On the other hand, culture can impact the church negatively as well. In this case it blinds us to truths that may be obvious to those of a different cultural background. For example, the narcissistic individualism of the West has left American Christians with an anemic understanding of the church.‚ As a result many of us would summarize the gospel with no reference to the centrality of the church in God’s purposes, and many of us live as if salvation were merely a private affair between Jesus and me.
3. Cross-cultural learning
So, any particular culture both illuminates and obscures aspects of reality. To quote Carson again, “…every expression of human culture simultaneously discloses that we were made in God’s image and shows itself to be mis-shaped and corroded by human rebellion against God.”
How then are we to live out Christian faith without being co-opted unknowingly by the most dangerous elements of our surroundings?‚ The primary answer is that we must be willing to bring our most fundamental assumptions back to Scripture in the recognition that a fresh hearing of the Word may yet disclose points of correction or expansion in our living of the gospel.
However, our convictions statement speaks of the need for “continual learning from Christians in other cultural settings.” The way we understand and live out the gospel needs to be compared with the ways brothers and sisters in other places hear the same message. In the process we will find elements of similarity and difference; the commonalities will confirm our faith and the plurality of views will humble and perhaps instruct us.
The growing weakness of the church in the West and the explosion of the church in the two-thirds world should make us teachable. Wheaton College professor Kevin Vanhoozer says, “Those who cannot see their own cultural conditioning are doomed to repeat it. It is just here that Western sytematic theologians have much to learn…. It is ultimately for the sake of better biblical interpretation that Western theologians need to attend to how the Bible is being read and practiced in the non-Western world.”
In summary, none of us can escape culture. It is the context in which we understand, embody, and communicate the gospel. The church’s missional challenge in every particular cultural setting is to incarnate the message faithfully. At Biblical Seminary we believe the best hope for carrying out that mission is a fresh listening for the voice of the Spirit as we read Scripture together with the global church.
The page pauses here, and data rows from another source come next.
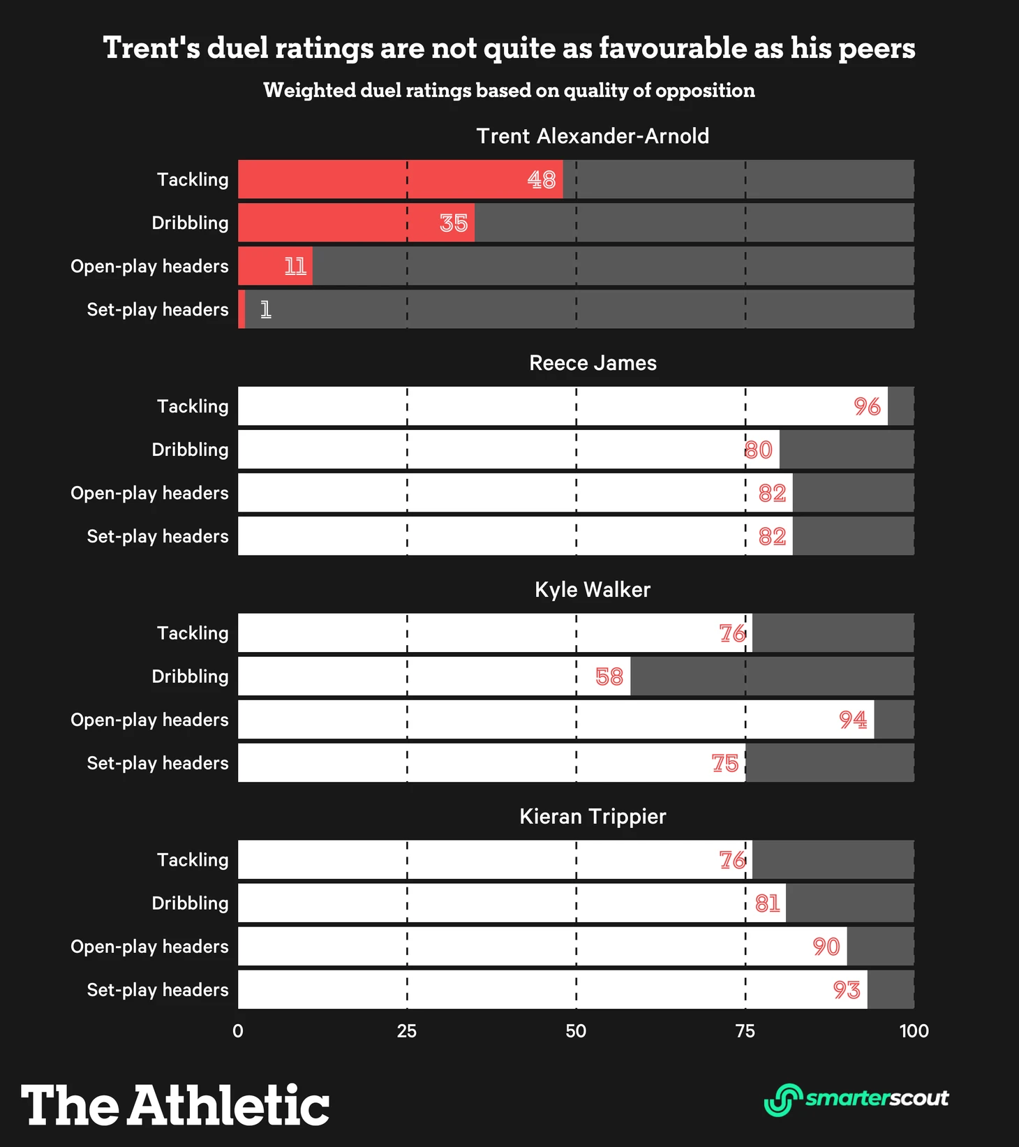 Заинтригованный постоянным шумом вокруг качества в обороне Александер-Арнолда, я решил посмотреть более сотни оборонительных поединков один в один, в которых он участвовал в этом сезоне. Очевидно, что это не научный процесс и охватывает лишь одну область защиты, но мое собственное мнение после просмотра этих роликов заключалось в том, что Александер-Арнолд проиграл в этих поединках больше, чем выиграл.
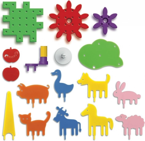Quercetti Georello Ферма е идеалната играчка за всяко дете, което обича да твори и строи. Този предавков конструктор включва перфорирани плочи, оси, зъбни колела и фигурки на животни, които лесно се сглобяват в впечатляваща фермерска сцена. С помощта на ръчката можете да задвижите механизма и да видите как всичко се върти като на въртележка.
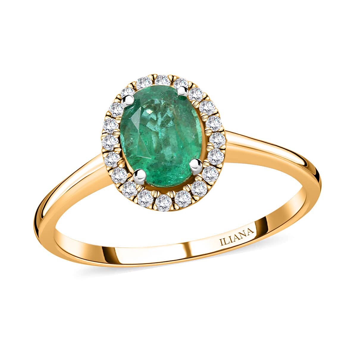 Indulge in the ultimate luxury with our Iliana Kagem Zambian emerald ring in 18K yellow gold. This halo ring showcases expert craftsmanship and sophisticated design for true elegance. Let this gold ring reflect your refined taste and passion for unique, high-end jewelry.
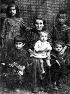 | Grandmother Faygl Meckel with her five grandchildren |
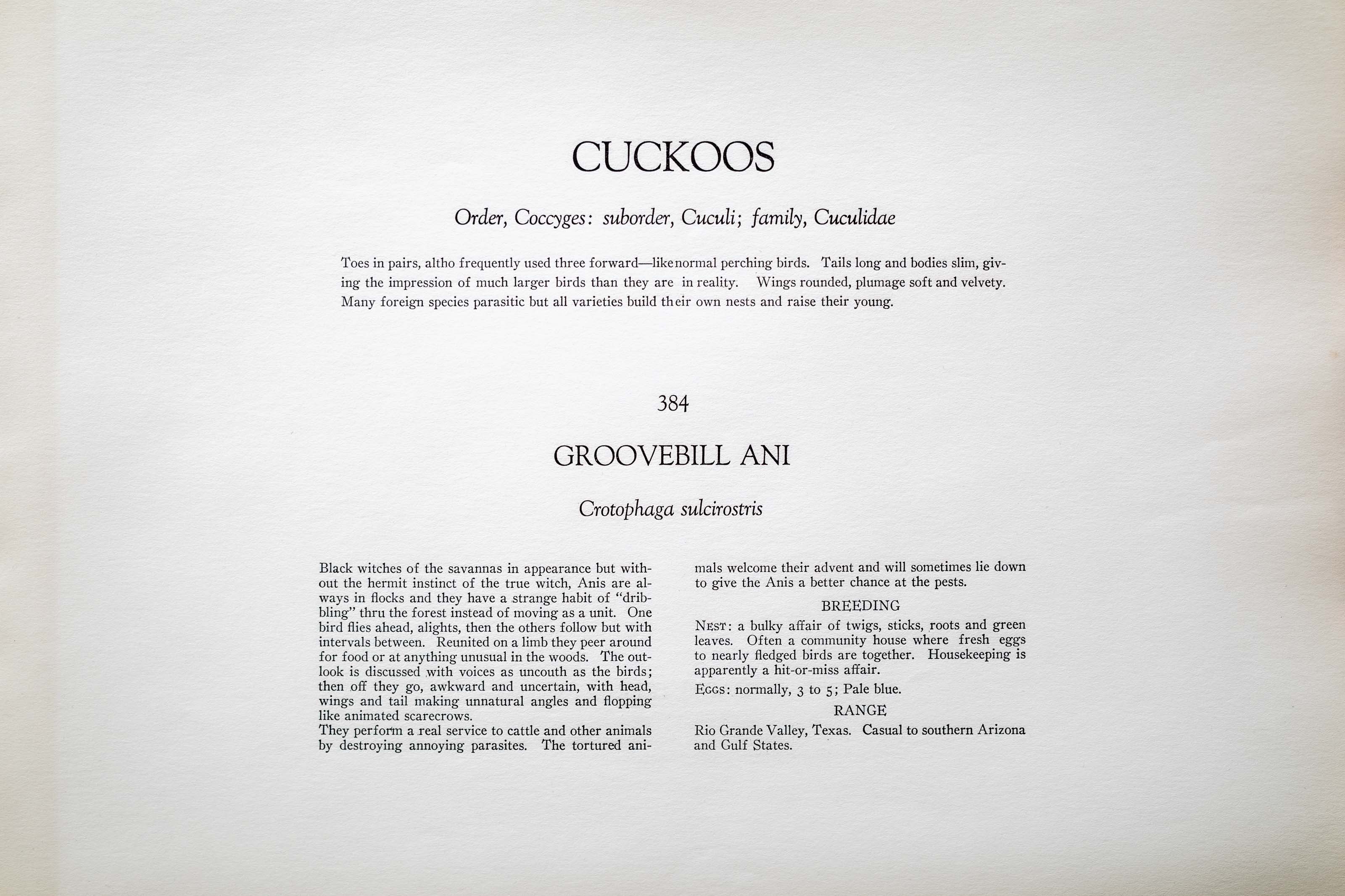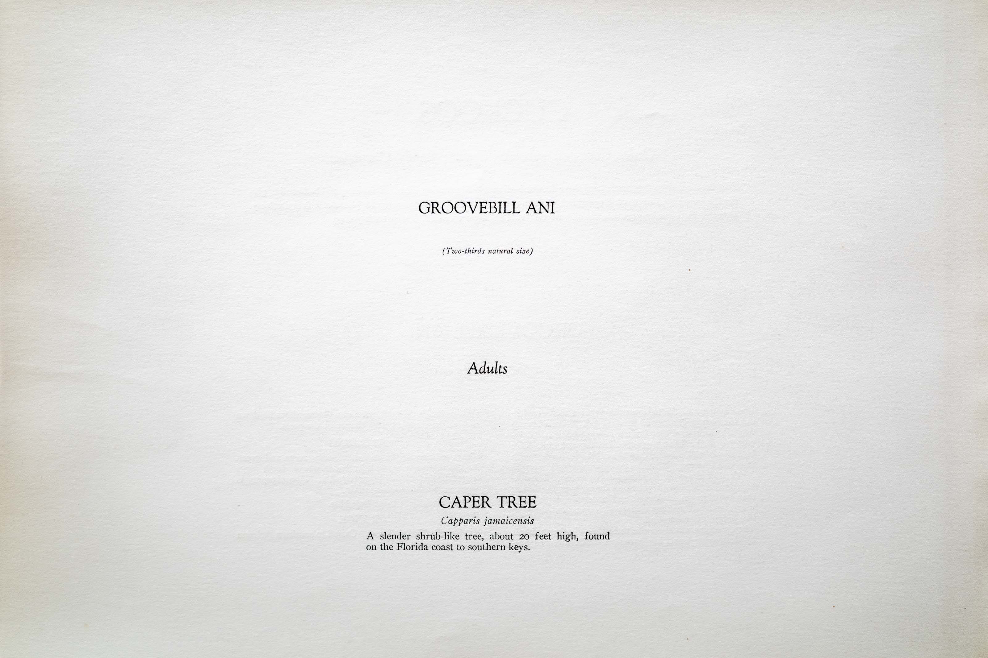 Black witches of the savannas in appearance but without the hermit instinct of the true witch, Anis are always in flocks and they have a strange habit of "dribbling" thru the forest instead of moving as a unit. One bird flies ahead, alights, then the others follow but with intervals between. Reunited on a limb they peer around for food or at anything unusual in the woods. The outlook is discussed with voices as uncouth as the birds; then off they go, awkward and uncertain, with head, wings and tail making unnatural angles and flopping like animated scarecrows.
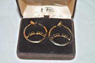 Ladies Designer 2" Pierced Gold Hoops Earrings, 12K Gold Filled with Latice Scroll Design, new in original box.
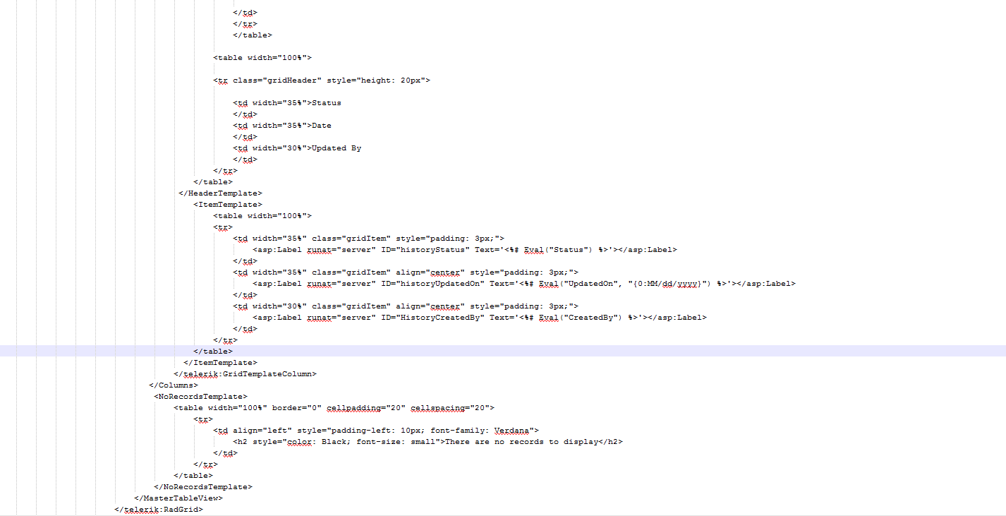 01.<%@ Page Language="C#" AutoEventWireup="true" CodeBehind="reviewProcess.aspx.cs" Inherits="ReviewClass.reviewProcess" MaintainScrollPositionOnPostback="true" %>02. 03.<%@ Register Assembly="Telerik.Web.UI" Namespace="Telerik.Web.UI" TagPrefix="telerik" %>04.<%@ Register Assembly="SD.LLBLGen.Pro.ORMSupportClasses.Web" Namespace="SD.LLBLGen.Pro.ORMSupportClasses" TagPrefix="llblgenpro" %>05. 06.<!DOCTYPE html>07. 08.<html xmlns="http://www.w3.org/1999/xhtml">09.<head runat="server">10. <title>Review Process</title>11. <link href="corporatebasic.css" rel="stylesheet" />12.</head>13.<body>14. ...15. 16. <h3>All Users</h3>17. <telerik:RadButton ID="alternaExportPreflightcheckUsers" runat="server" Text="PDF Export of Scrollable" onclick="alternaExportPreflightcheckUsers_Click"></telerik:RadButton>18. <telerik:RadGrid ID="gridPreflightcheckUsers" runat="server" AutoGenerateColumns="False" DataSourceID="llblgSystemUsers" ToolTip="System Users Overview
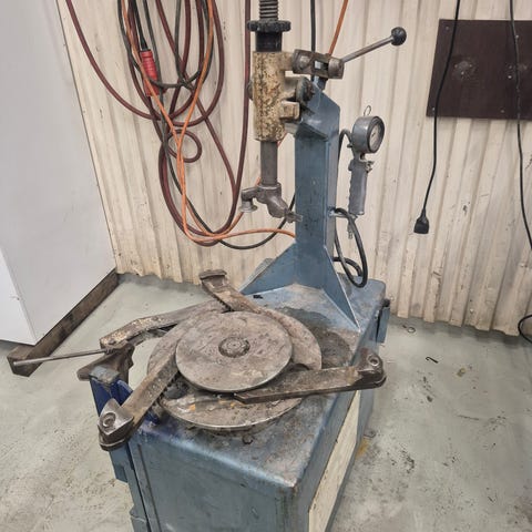 Laadukkaat Hoffman rengaskoneet suoraan ammattikäytöstä korjaamon lopettamisen vuoksi. Rengaskone apuvarsilla ja paineisku pöydällä.
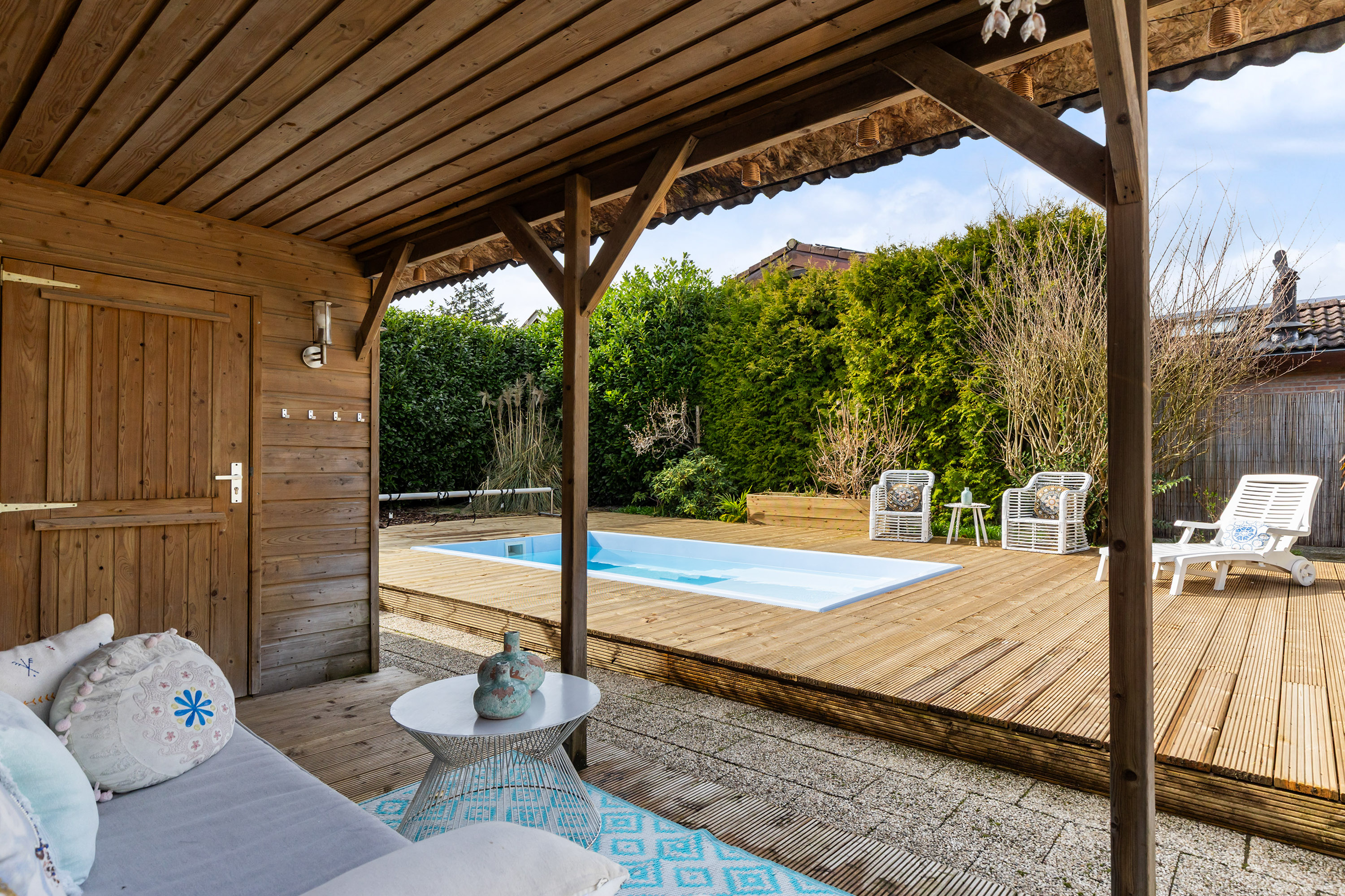 The garden features a swimming pool constructed in 2025 measuring approximately 5 x 8 metres with a depth of 1.20 metres. The polyester pool includes a comfortable shallow sun deck and lighting in various colours. A roll-cover ensures the pool can be safely closed. Surrounding the pool is a wooden deck terrace with ample space for sun loungers and outdoor seating.
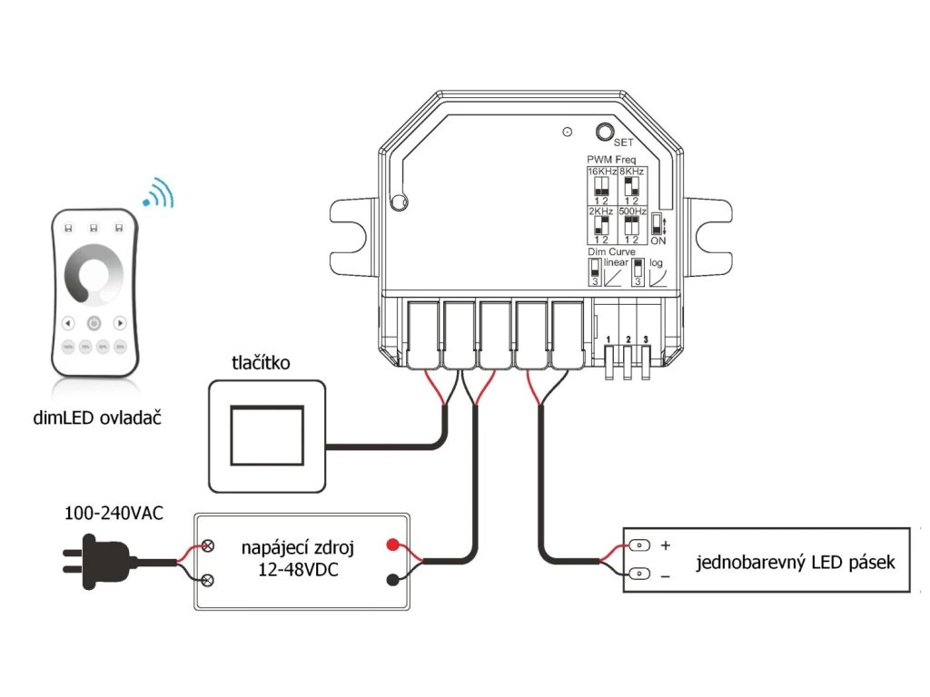 Inteligentný mini prijímač dimLED je určený na bezdrôtové ovládanie jednobarevných LED produktov napájaných napätím 12 až 48 V. Vďaka veľmi kompaktným rozmerom je vhodný aj do inštalácií s obmedzeným priestorom – možno ho jednoducho umiestniť pod vypínač, do inštalačnej krabice, sadrokartónového podhľadu alebo za stenu bez nutnosti priamej viditeľnosti medzi prijímačom a ovládacím prvkom.
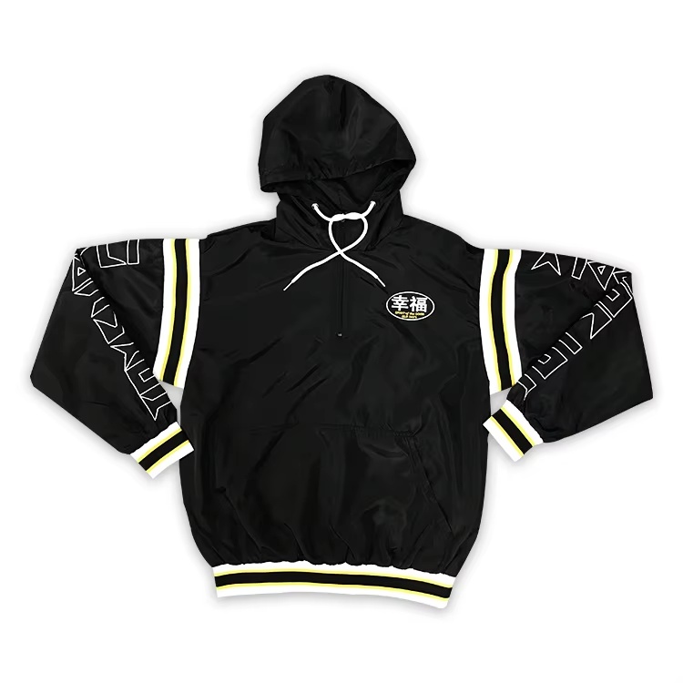 Manufactured in Vietnam for international buyers sourcing customizable sportswear and streetwear outerwear, this men’s pullover windbreaker is designed for bulk orders and private label programs. The jacket features a hooded, regular-length silhouette with a practical front pocket and 1/4 zipper, suitable for team uniforms, promotional merchandise, and active lifestyle collections. It supports multiple decoration methods—including embroidery, sublimation printing, and heat-transfer printing—enabling custom logos, graphics, and colorways, with reinforced stitching on seams and hems to enhance durability. Performance-focused options include breathable comfort and quick-dry wear, with additional feature options such as waterproof and anti-bacterial functionality.
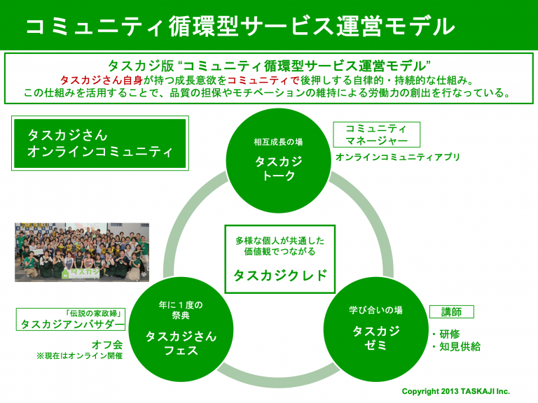 ・タスカジさんはフリーランスでタスカジ社と雇用関係にないため品質コントロールが難しいのですが、「コミュニティ循環型サービス運営モデル」
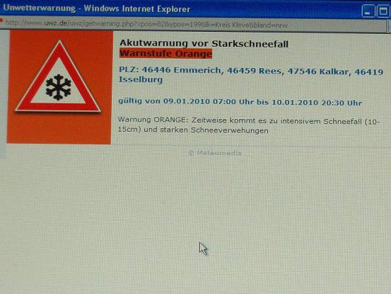 Internet Das war zu befürchten. Und mit "nur" starkem Schneefall waren wir noch gut dran. Den ganzen Samstag hatte es zum Schnee auch noch mächtig gestürmt. Erst zum Abend hin wurde es besser. Im Nord-Osten Deutsch- lands herrschte da schon Ausnahme- zustand. Ganze Orte und Landkreise waren von der Außenwelt abgeschnit- ten. Sturmtief "Daisy" hatte das Land fest im Griff. In Kevelaer war es da sehr harmlos. |
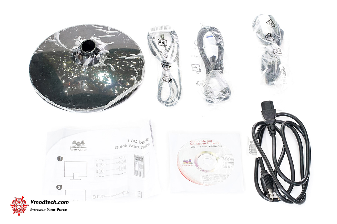 แกะกล่องออกมาก็พบ Power Cable 1 ชุด, VGA Cable 1 เส้น, Audio Cable 1 เส้น, DVI Cable 1 เส้น, ฐานหรือขาตั้ง 1 ชิ้น, คู่มือ และ แผ่นไดร์เวอร์ ครับ

The full text of our Convictions is found here:‚ http://www.biblical.edu/images/discover/Convictions0808.pdf
 Tim Keller, “The Gospel in All Its Forms,” at http://www.christianitytoday.com/le/2008/spring/9.74.html?start=1
 D.A. Carson, Christ and Culture Revisited (Eerdmans, 2008), p. 101.
 John Franke, The Character of Theology (Baker, 2005), p. 90.
 See my earlier Missional Journal on Narcissism:‚ http://www.biblical.edu/images/belong/PDFs/Vol1No11.pdf
 Idem, p. 49
 Kevin Vanhoozer, “One Rule to Rule Them All?” in Globalizing Theology edited by Craig Ott and Harold Netland (Baker, 2006), pp. 116-17.